10th February 2022
Richard James, Civica Pensions Product Director, explores the untapped potential of machine learning and how it can drive positive change in the pensions industry.
Machine learning (ML) is not a new concept. We’ve been using it since the 1970s. With the availability of more and more data, increased computing power and easier access to ML tools, there’s never been a better time to tap into this technology than today. If 86% of local government leaders think machine learning has the potential to benefit their sector, why aren’t we seeing it being implemented more?

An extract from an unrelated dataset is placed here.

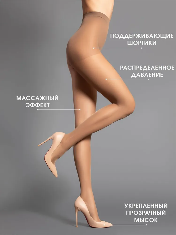 Колготки Incanto Active Body 20 den Daino — утягивающие колготки с поддерживающими шортиками и технологией распределенного давления. Идеальная замена корректирующему белью. Модель эффективно утягивает живот и бедра, создавая стройный силуэт. Усиленная компрессия в нижней части снимает усталость с ног и стимулирует кровообращение.
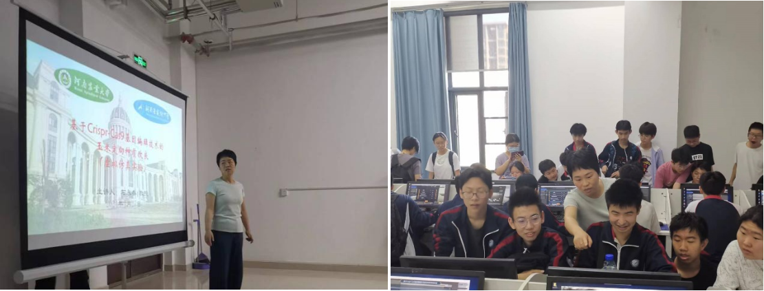 研学活动中,石永春用风趣易懂的语言向学生们详细介绍了河南农业大学精品课程《基于Crispr-Cas9基因编辑技术的玉米定向种质改良虚拟仿真实验》,并在上机实践环节对操作和具体的分子生物学概念进行了专业指导。通过实际参与虚拟仿真实验操作,学生们对Crispr-Cas9基因编辑技术及整个流程所涉及的具体实验,如pCAS9-mono载体的线性化、靶位点gRNA引物的复性、T4连接酶连接载体、大肠杆菌转化和质粒提取、农杆菌Gv3101的转化、玉米幼胚的收集及侵染和愈伤组织的筛选与再生等形成了更加深刻的认识。同学们在实验环节对分子生物学展现出极大的热情,实验成功完成率达到96%。

Many organisations are reluctant to use the term ML with words such as ‘predictive analytics’ or ‘behavioural insights’ often used instead. So, why the hesitation? Maybe it’s because, as with every new technology, people can fear the unknown. Done wrong, when fraught with bias (the ‘dark side’), ML can deliver negative outcomes for customers, eroding their trust, and damage your organisation’s reputation. But done right, it can improve efficiency, help prioritise resources, and gain valuable insights we might have never known.
Local Government Association (LGA)
The most important benefit to come from using predictive analytics [machine learning] is that it enables councils to deliver better outcomes.
Despite the level of work that can be involved in managing and reporting on pension data, good data management is vital to the success of any pension fund. Imagine then, the advantage funds would have if ML could deliver extra, crucial data about members and employers: could member movement analysis be solved by machine learning to help understand short term liability horizons between valuations? Could funds be more aware of trends, and make predictions to help them make better business decisions? Are external payroll providers focussing enough on member data quality? These are just a few examples of questions that can be answered now by a biological machine (i.e., humans like you and me). But what could ML bring to the table?
Machine Learning can leverage digital technology, allowing funds to decrease fraudulent risk, whilst reducing costs, and making better data driven decisions.
ML offers many positive opportunities, which I like to refer to as the 3 Ps for pensions.
ML could drastically improve the efficiency of pension funds by mapping out what is happening at work, compared to what should be happening. This could allow funds to identify their pain points and improve on time constraints, and efficiency savings (or lack thereof!). In an uncertain world this would be paramount in the quality of decision making, particularly when we think about the fluctuations that funds face with the impact of COVID-19. In the current climate, it’s more important than ever to meet the needs and expectations of funds and their members.
With blended working now the norm, staff need to be ready to react anytime, anywhere. ML systems comprise algorithms that, supplied with large datasets, ‘learn’ how to perform a set task by identifying patterns, connections, and common indicators, which means longer tasks can be done in a seamless manner, with less resource and time required.
As with any smart technology, ML relies fundamentally on high quality, reliable data. Data allows funds to identify patterns, behaviours and break down barriers. Predicting these risks, peaks and issues would make it easier for pension funds to be successful.
Predicting the behaviour of members could optimise fund and member interactions, enabling them to better understand what members would like to achieve via self-service. You’ll know how members move and when.
Wouldn’t it be valuable to use the analytics to assess past trends, and over time, find out if there are seasonal variations at work?
If ML can help improve productivity, and predict trends and threats, couldn’t it also help prevent threats? This answer is yes. ML could help identify the behaviours common to fraudsters and point to current claimants acting in similar ways, triggering additional checks and validations. Our industry is exposed to the fraudulent risk associated with typical ID&V processes more than others. But with sophisticated identity verification checks, that use biometric technology and quality data, organisations can be confident that they know the identity of the person and any risks associated.
Fed up with repeatedly answering the same enquiries face-to-face or on the telephone? ML can enhance chatbots and help quickly settle service users’ most common problems – reducing the need for front desk staff and call handlers and supporting social distancing.
With better understanding of the person and their identity, it’s easier to prevent fraud, while making it more efficient to quickly let the ‘good’ people in.
With machine learning market projected to reach a value of $17bn by 2027, ML is undoubtedly going to be at the heart of Civica’s digital future. For the pension industry, it offers real opportunities to enhance productivity, predictability, and prevention, driving positive change, learning from data to create models that humans wouldn’t be able to build otherwise. Pension funds can then focus on the member experience and best use of staff, whilst constantly raising the bar to meet new expectations.
For many years, computers have been saying yes, helping us improve pension services and outcomes for our communities. With the right data, tools, skills, and accountability we can help funds get the best result. With more understanding of the benefits of ML and the proper application of data science skills, trust in this technology can be built further, and perspectives can shift. So, maybe now is the time for pension funds to say “yes” too.